>>>>>

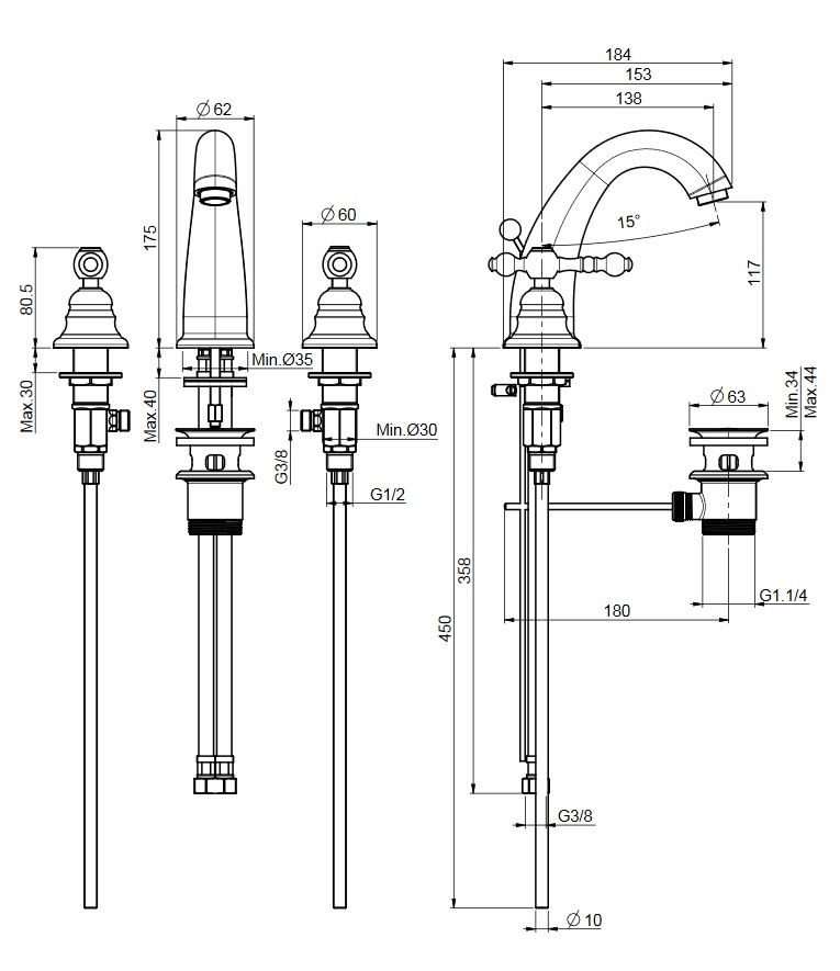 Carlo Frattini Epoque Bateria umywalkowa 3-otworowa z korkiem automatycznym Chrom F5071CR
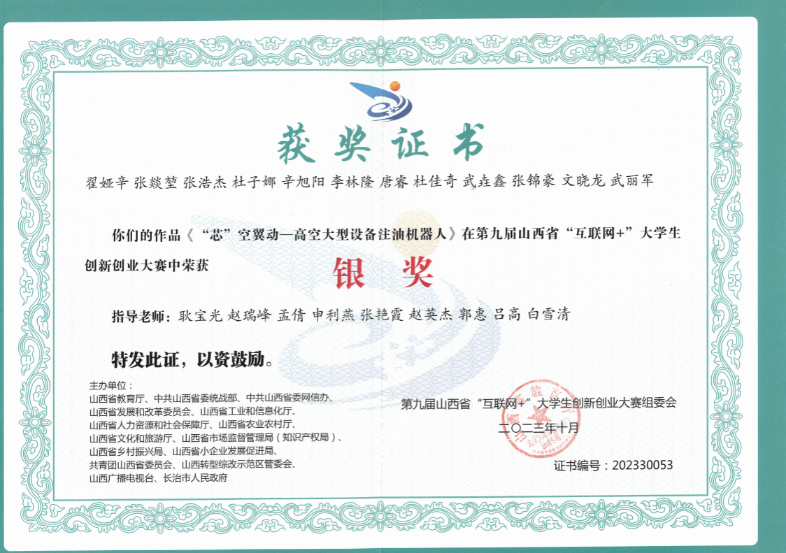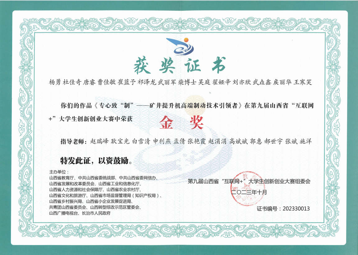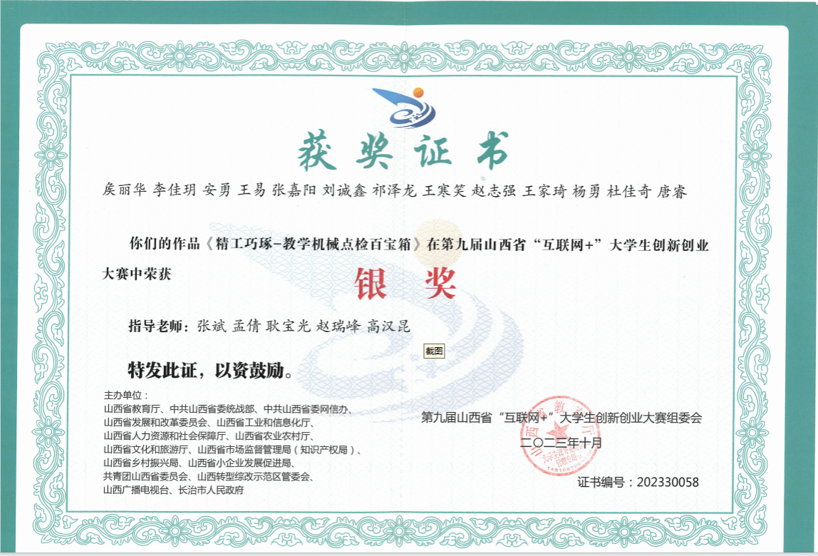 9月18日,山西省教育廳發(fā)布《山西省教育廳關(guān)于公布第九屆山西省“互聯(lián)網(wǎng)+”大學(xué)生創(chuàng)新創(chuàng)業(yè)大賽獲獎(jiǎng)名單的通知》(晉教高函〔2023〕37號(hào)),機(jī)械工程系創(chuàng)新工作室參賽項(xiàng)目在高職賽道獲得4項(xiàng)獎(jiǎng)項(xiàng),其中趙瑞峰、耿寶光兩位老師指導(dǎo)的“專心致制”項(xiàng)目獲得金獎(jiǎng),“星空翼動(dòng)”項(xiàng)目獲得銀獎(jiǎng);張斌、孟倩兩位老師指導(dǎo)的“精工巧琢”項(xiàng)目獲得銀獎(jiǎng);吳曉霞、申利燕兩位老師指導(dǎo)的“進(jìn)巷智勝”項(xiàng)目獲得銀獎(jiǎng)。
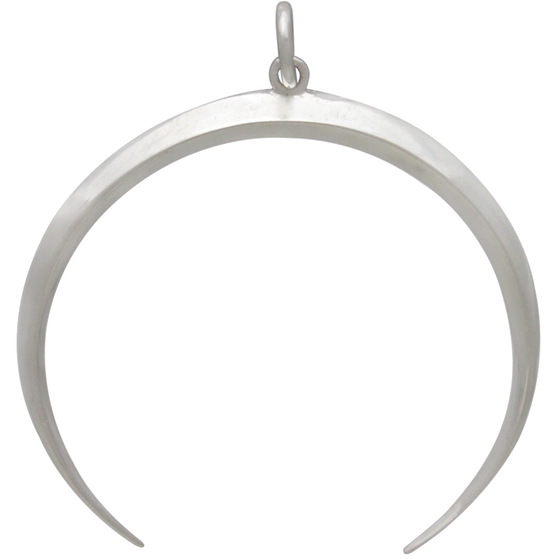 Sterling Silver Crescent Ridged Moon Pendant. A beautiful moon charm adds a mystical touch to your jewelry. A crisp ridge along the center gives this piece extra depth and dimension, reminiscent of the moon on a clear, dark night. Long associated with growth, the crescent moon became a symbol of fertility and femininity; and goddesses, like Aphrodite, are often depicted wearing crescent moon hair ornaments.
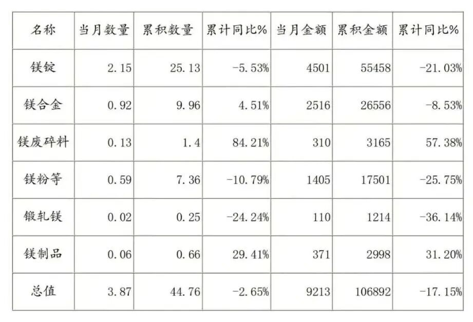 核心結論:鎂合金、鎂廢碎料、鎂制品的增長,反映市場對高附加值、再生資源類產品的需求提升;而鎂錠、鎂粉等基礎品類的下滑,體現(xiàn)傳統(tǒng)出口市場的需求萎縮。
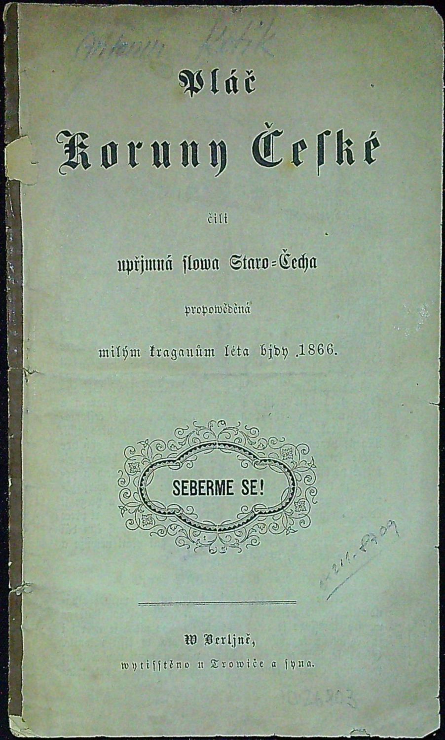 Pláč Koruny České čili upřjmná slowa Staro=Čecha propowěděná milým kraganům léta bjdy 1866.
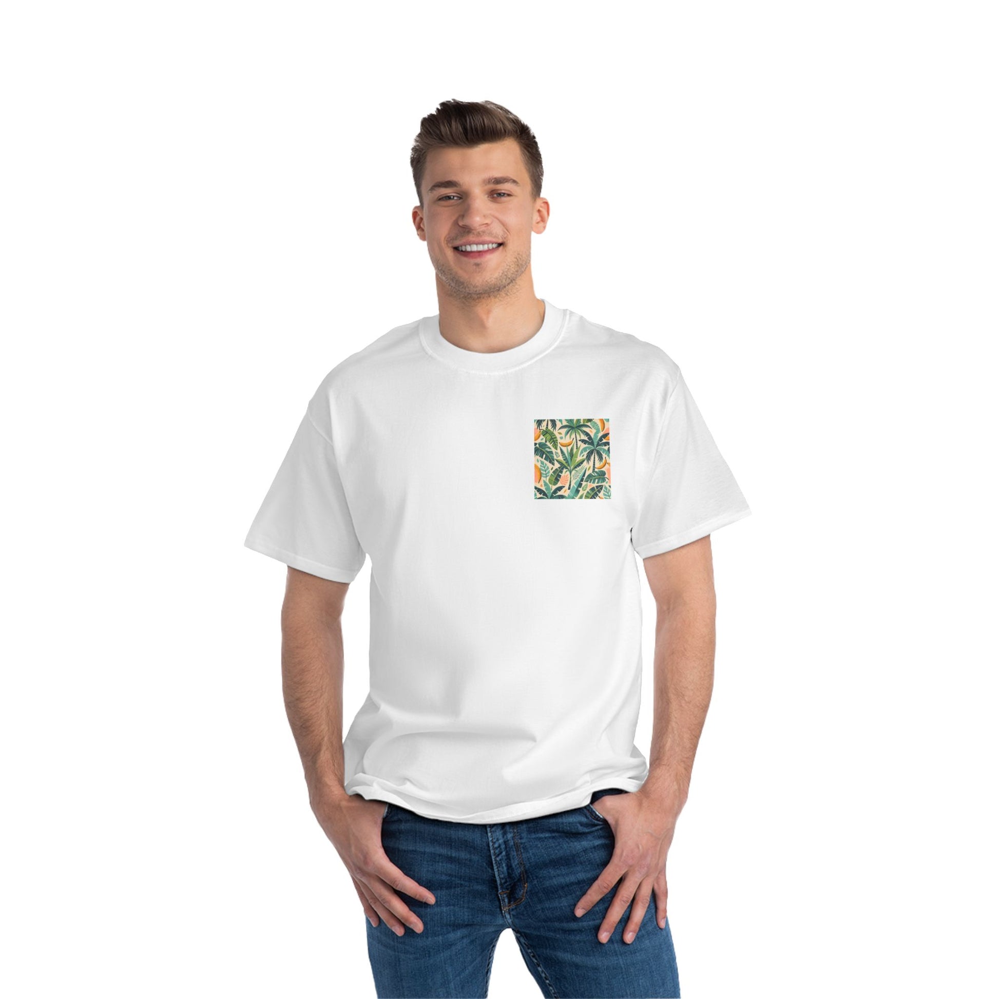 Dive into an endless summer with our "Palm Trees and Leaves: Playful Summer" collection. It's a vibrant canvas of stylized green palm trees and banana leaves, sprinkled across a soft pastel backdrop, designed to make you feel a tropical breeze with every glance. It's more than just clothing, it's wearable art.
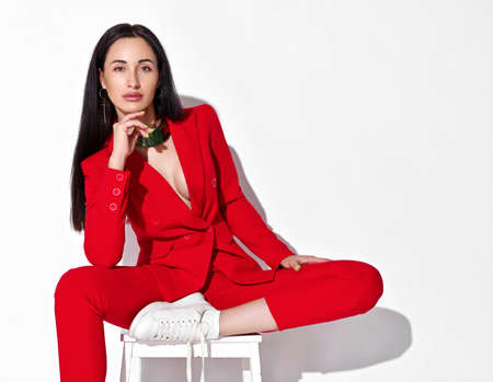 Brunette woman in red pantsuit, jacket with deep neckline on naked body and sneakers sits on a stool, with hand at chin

<<<<<

What is being asked
Please, leaving out all pictures, transcribe exactly the lines above from the one containing "Pláč Koruny České" through the final line, both included.

Solution for this exercise
 Pláč Koruny České čili upřjmná slowa Staro=Čecha propowěděná milým kraganům léta bjdy 1866.
 Dive into an endless summer with our "Palm Trees and Leaves: Playful Summer" collection. It's a vibrant canvas of stylized green palm trees and banana leaves, sprinkled across a soft pastel backdrop, designed to make you feel a tropical breeze with every glance. It's more than just clothing, it's wearable art.
 Brunette woman in red pantsuit, jacket with deep neckline on naked body and sneakers sits on a stool, with hand at chin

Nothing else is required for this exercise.